To make your website to be accessible solely via HTTPS, you can configure the existing virtual host for SSL.
But before you modify the virtual host, it is recommended to backing up the configuration file before making any changes to it. You can revert the changes if something goes wrong later. Just copy your current .conf file and rename it as .conf_backup.
Here’s how to configure the <VirtualHost> block for the SSL-enabled site:
Remove the hash # from the line 'httpd.conf file #Include conf/extras/httpd-ssl.conf'. It has nearly all the SSL-related settings configured out of the box. You can point the VirtualHost settings to your certificate files, directories, and website.
Here’s how a configured virtual host for your SSL certificate is going to appear:
<VirtualHost 192.168.0.1:443>
DocumentRoot /var/www/html2
ServerName www.example.com
SSLEngine on
SSLCertificateFile /path/to/your_domain_name.crt
SSLCertificateKeyFile /path/to/your_private.key
SSLCertificateChainFile /path/to/certificate authority.crt
</VirtualHost>
Note that in the above code, all the parts highlighted in bold are to be added for SSL configuration.

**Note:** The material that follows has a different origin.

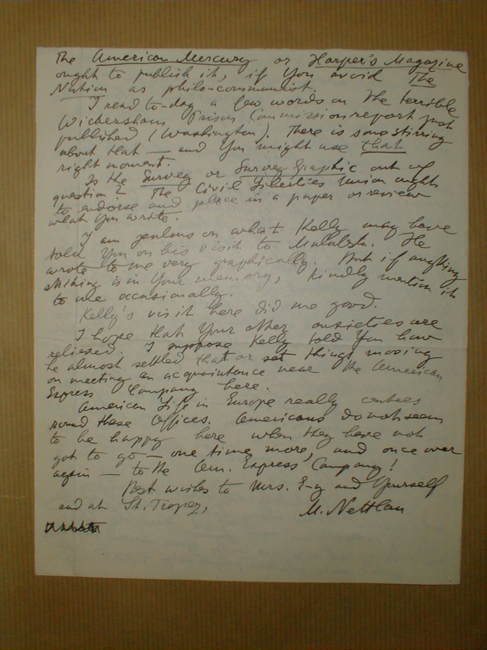 I read to-day a few words on the terrible Wicbersham Prison Commission report just published (Washington). There is some stirring about that – and you might use that right moment.
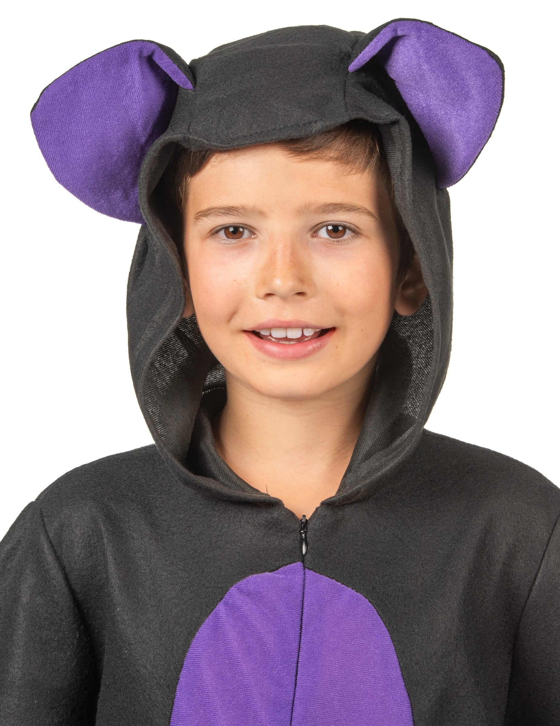 Този детски костюм на прилеп се състои от комбинация. Този е черен, с корема и лилавите крила. Тя също има качулка, с големи лилави уши. Тази маскировка ще бъде перфектна да бъде прикрита, докато е топла в Хелоуин вечер.

4. Change the names of the files (as well as paths) to match certificate files
You will also be required to adjust some file names and paths to match your certificate files:
- Ensure that SSLCertificateFile is the primary certificate file for your domain name.
- Generate SSLCertificateKeyFile as the .key file when you create the CSR.
- Make sure that SSLCertificateChainFile is the intermediate certificate file that was supplied by your certificate authority.
In case of owning multiple Intermediates, you may be required to concatenate the files into one. Opt for ‘SSLCACertificateFile’ in case this file fails to work.
5. Re-check for any errors
Ensure to re-check all your Apache config files in case any error occurs. The Apache web server will not start again in case there are some syntax errors in it. You can run the following command to check your Apache server:
apachectl configtest
6. Shut down your text editor (make sure to save the changes made).
7. Start your server again
Restart the Apache server by using the following 'apachectl' commands to start/stop with SSL support:
apachectl stopapachectl start
If the above commands don’t work, try out the following code:
apachectl startssl
Note: In case something goes wrong during the process or Apache service failed to restart, simply delete the modified configuration file and go back to your backup configuration, which you created in step 3.
Congratulations! You have successfully installed an SSL certificate on your Apache web server.
Useful Troubleshooting Tips
In case you receive a "not trusted" warning, go back to your certificate details to confirm it is the certificate you ordered. Make sure to check the Subject, Issuer, and Valid To fields.
- If it's the correct certificate you ordered, then your SSLCertificateChainFile is not configured correctly.
- In case it is not the certificate you ordered, then you may have another SSL <VirtualHost> block before the one you just configured.
- You should use the same certificate for all virtual hosts then only name-based virtual hosts will work with HTTPS (multi domain or wildcard SSL).
- Before receiving HTTP request, for a successful SSL handshake, Apache should provide a certificate. To match the IP and requested port, Apache sends the SSLCertificateFile from the first <VirtualHost> block.
As you can see, it is not that difficult to install an SSL certificate on Apache once you learn the steps, even though the process may appear complex at first. Installing an SSL certificate will not only provide security to your site but can boost your SEO rankings, increase traffic, and gain user’s trust.
Moreover, SSL is, at present, the standard of web security. It can add the much-needed layer of encryption to data that is sent across an HTTP stream. SSL ensures that the data is securely transmitted and hidden from prying eyes. Though you can’t consider SSL as the be-all and end-all of securing data, it is essential for online security. Combined with other internet security protocols, SSL certificates can be very powerful.